### YOUR ASSIGNMENT
Copy out the data below from the line containing "Figure 8.1 LogiBlox" to the line containing "This sweet lill", both lines included, with all images left out.

### PROVIDED DATA
· · · · · · ·

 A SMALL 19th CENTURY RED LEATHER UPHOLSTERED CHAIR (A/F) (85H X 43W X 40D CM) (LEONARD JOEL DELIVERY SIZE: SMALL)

· · · · · · ·

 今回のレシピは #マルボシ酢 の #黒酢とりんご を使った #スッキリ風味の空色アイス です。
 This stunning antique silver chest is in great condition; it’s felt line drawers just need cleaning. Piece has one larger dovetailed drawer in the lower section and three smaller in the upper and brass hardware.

· · · · · · ·

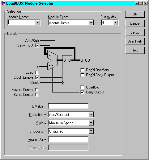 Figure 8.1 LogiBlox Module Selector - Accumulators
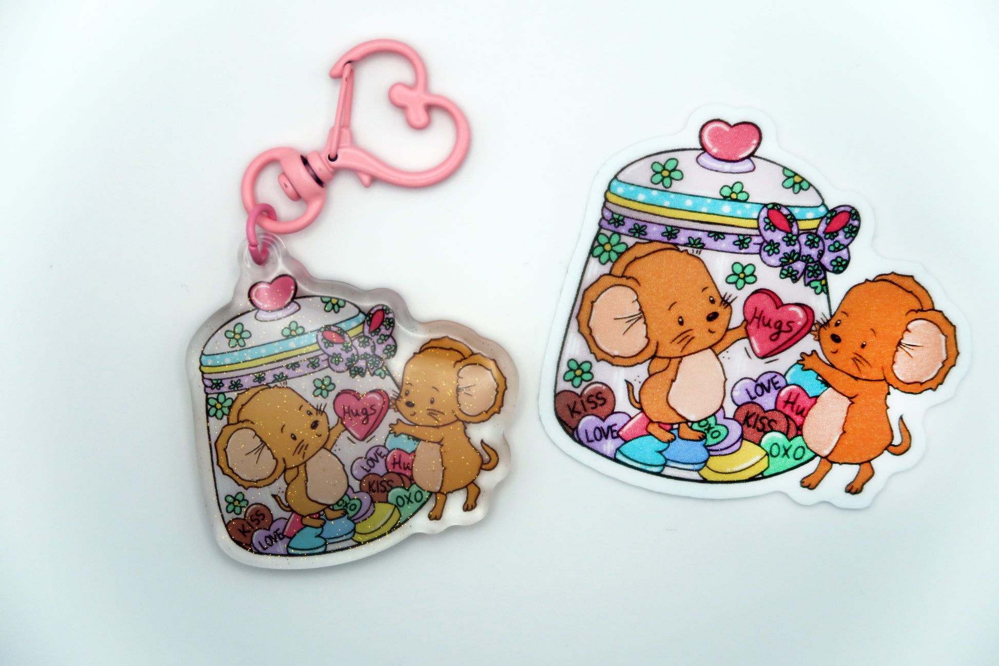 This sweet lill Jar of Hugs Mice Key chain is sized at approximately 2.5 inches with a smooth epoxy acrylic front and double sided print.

· · · · · · ·

### RESPONSE AREA
 Figure 8.1 LogiBlox Module Selector - Accumulators
 This sweet lill Jar of Hugs Mice Key chain is sized at approximately 2.5 inches with a smooth epoxy acrylic front and double sided print.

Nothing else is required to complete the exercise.